Here's my thinking on the future of Functional Capacity Evaluation:
Keep in mind that we are talking about the FCE market in the United States. My comments would be different if we were talking about British Columbia. (The markets in Ontario, Canada and the United Kingdom have problems similar to the U.S. market, but are at a different phase of market development.)
Recent inclusion of functional capacity evaluation reports as evidence in short- and long-term disability cases foreshadows positive change to the practice of FCE in the United States.
Here's the background:
For the most part FCE's performed for workers compensation are not reviewed in an informed environment.
In the U.S., with very few exceptions, there is no legal review process that acts as a crucible of quality. Since the workers compensation system is a no-fault, non-tort system, very rarely do two informed attorneys sit across a table or stand before a labor board and examine expert FCE witnesses. In most cases the arbitrator of quality is the fee payer. This lack of informed review allows a very low standard of practice for functional capacity evaluations.
The important change is the use of short- and long-term disability cases in courts that have the power, under the Federal Rules of Evidence and the Federal Rules of Civil Procedure, to examine the details of an FCE. Under these rules a written report must be submitted for cross examination. And, when submitted for cross examination the evaluator must be able to present and defend his/her findings. The evaluator cannot rely on "the computer told me the result" or "the formula for determination is secret". And, given the findings in Indergard v. Georgia-Pacific, a job-calibrated functional capacity evaluation protocol will replace the standardized test battery approach to FCE. My belief is that the necessity for public testimony by functional capacity evaluators will dramatically change the FCE landscape.
The downside in the current FCE arena is the growth of FCE referral brokers and the emergence of superficial FCE training programs.
My observation of referral brokers is that they tend to reinforce the status of FCE as a commodity. A broker's expertise is the ability to market and sell. This takes advantage of the new evaluator who has not established a practice based on answering referral questions. Coupled with the broker's lack of quality differentiation, the result is a fast moving "mill" of evaluations churned out with little focus on validity, practicality and utility (see the Practice Hierarchy for definitions).
Safety is the foundation of the Practice Hierarchy espoused by
the APTA, APA and NIOSH and is the central focus of Matheson FCEs.
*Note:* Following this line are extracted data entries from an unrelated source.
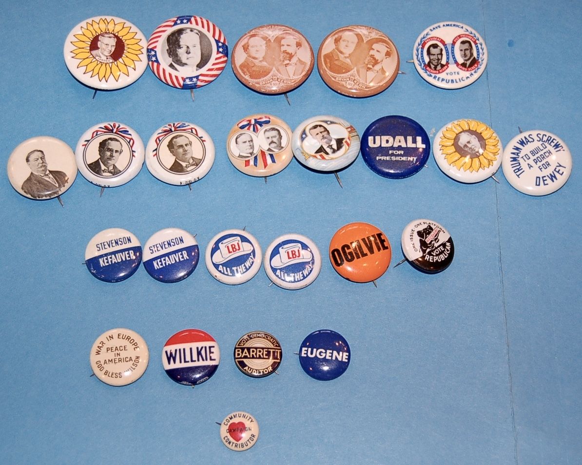 Title (ebay affiliate link): 24 Vintage Assorted Political Pinback Buttons
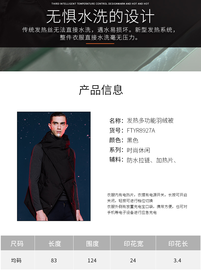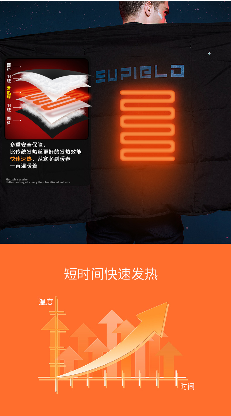 Supield素湃黑科技智能温控加热鹅绒羽绒服男多功能可穿戴鹅绒被
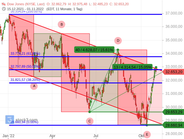 Nach bereits 3 aufeinanderfolgenden Zinserhöhungen um 0,75 Prozentpunkte erwartet der Markt eine weitere Erhöhung in dieser Größenordnung, auf eine Spanne von 3,75 % bis 4,00 %. Und wahrscheinlich wird im Dezember ein Schritt um +0,5 Prozentpunkte folgen, worauf sich die Fed aber heute natürlich noch nicht eindeutig festlegen wird. Es dürfte beim Hinweis bleiben, dass weitere Zinsanhebungen angemessen sein werden, darüber aber datenabhängig entschieden wird.
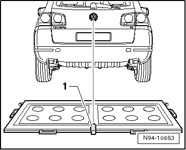 - Switch on the laser on the calibration device - 1 - and align the entire calibration device so that laser beam strikes on center of vehicle rear end above the VW logo.
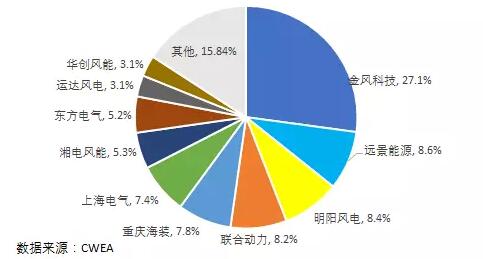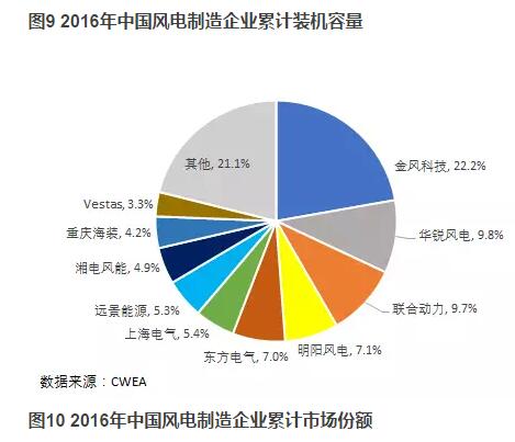 全国累计装机容量1.69亿千瓦,截至2016年底,有五家整机制造企业的累计装机容量超过1000万千瓦,五家市场份额合计达到55.9%;其中金风科技累计装机容量达到3748万千瓦,占国内市场的22.2%。

The second part of the downside formula is the annual emergence of superficial FCE training and "certification" programs. Every year we have people come through the five-day Matheson Functional Capacity Evaluation Certification Program with the intention of rolling out a copy of our training. Every year we have people stand outside our classrooms counting the number of people attending the program. I can feel them calculating what they perceive to be a great revenue stream. I can also see them figuring out how to set up the training in low cost venues with little or no transportation costs for equipment and computers. And, just like spring coming each year, these folks offer two or three days FCE "certification" courses within a few months of having attended our courses.
The result of these superficial training courses is that it has diluted the long-term quality of service.
One can participate in this type of training and easily set up a practice taking referrals from brokers. But, just like unqualified people buying too much house from home loan brokerage mills, eventually the market collapses.
I think the FCE market is in that state now.